» **Your objective**
Your answer must be exactly the lines from the one containing "Toda la carta" through the end of the material, both ends included, without pictures.

» **Recorded information**

※ ※ ※

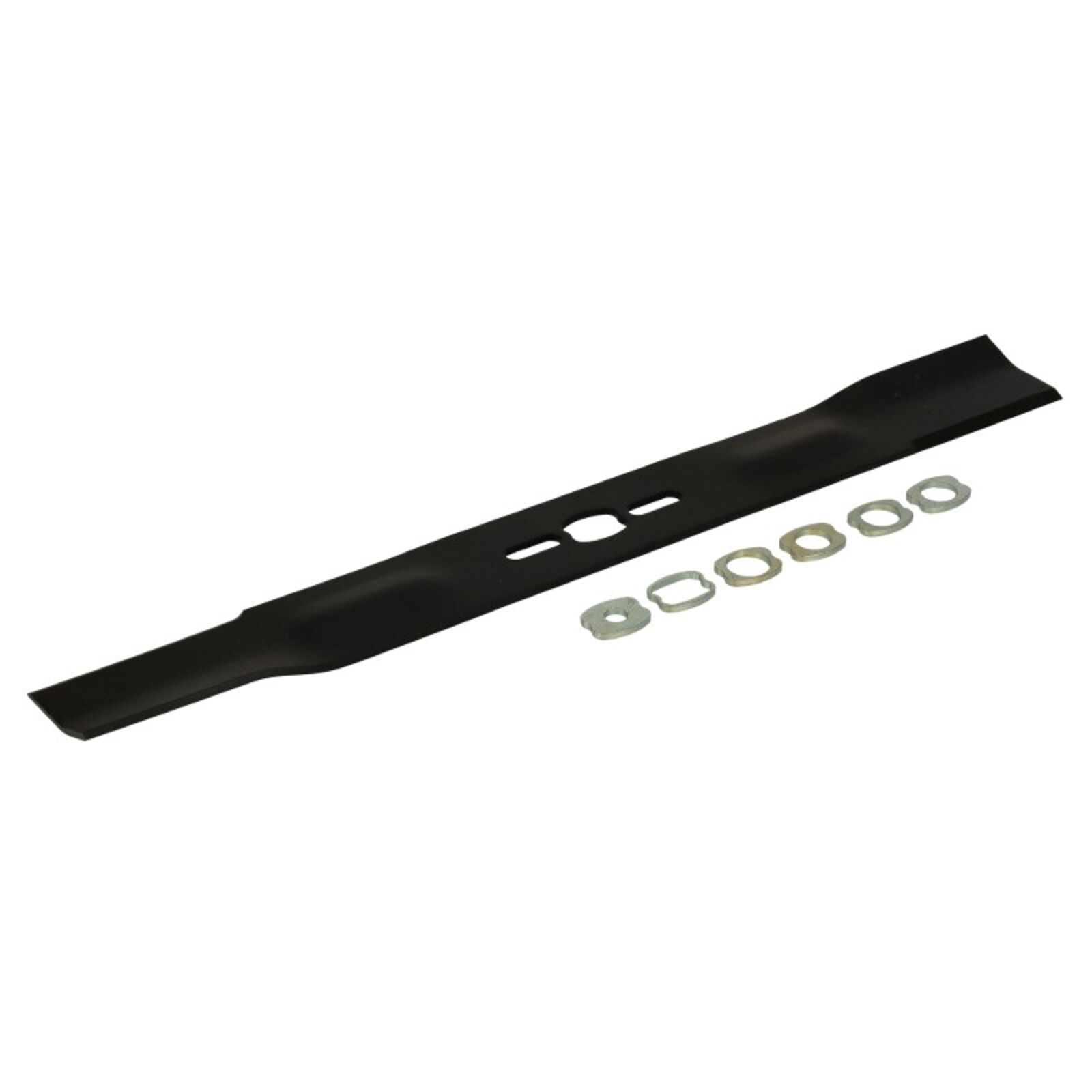 Univerzális, egyenes fűnyírókés, 5 darab különböző méretű szűkítő betétgyűrűvel.
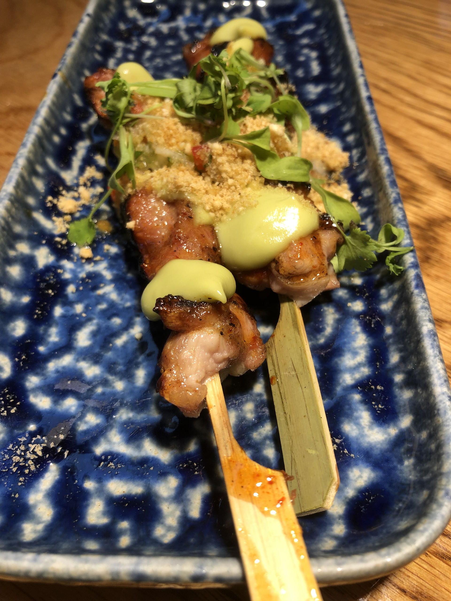 Toda la carta está pensada para compartir de ahí que los platos sean mínimo para dos personas, así que seguimos disfrutando con un delicioso yakitori de pollo con kimchi y guacamole ácido (2 uds 6,60€). Puedes acompañar tu menú con unos maravillosos dados de boniatio al carbón templado y aliñado (6,40€).
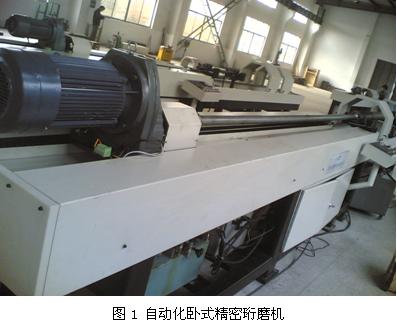 由中達(dá)電通公司開(kāi)發(fā)的臥式精密珩磨機(jī),具有較高的工作效率和工作性能,該系統(tǒng)不但精確珩磨工件內(nèi)圓,而且能夠精確檢測(cè)工件內(nèi)圓的“凸點(diǎn)”,加工效率也遠(yuǎn)遠(yuǎn)超過(guò)內(nèi)圓磨床?;谥羞_(dá)機(jī)電技術(shù)的自動(dòng)化臥式精密珩磨機(jī)如圖1所示。

※ ※ ※

» **Response area**
 Toda la carta está pensada para compartir de ahí que los platos sean mínimo para dos personas, así que seguimos disfrutando con un delicioso yakitori de pollo con kimchi y guacamole ácido (2 uds 6,60€). Puedes acompañar tu menú con unos maravillosos dados de boniatio al carbón templado y aliñado (6,40€).
 由中達(dá)電通公司開(kāi)發(fā)的臥式精密珩磨機(jī),具有較高的工作效率和工作性能,該系統(tǒng)不但精確珩磨工件內(nèi)圓,而且能夠精確檢測(cè)工件內(nèi)圓的“凸點(diǎn)”,加工效率也遠(yuǎn)遠(yuǎn)超過(guò)內(nèi)圓磨床?;谥羞_(dá)機(jī)電技術(shù)的自動(dòng)化臥式精密珩磨機(jī)如圖1所示。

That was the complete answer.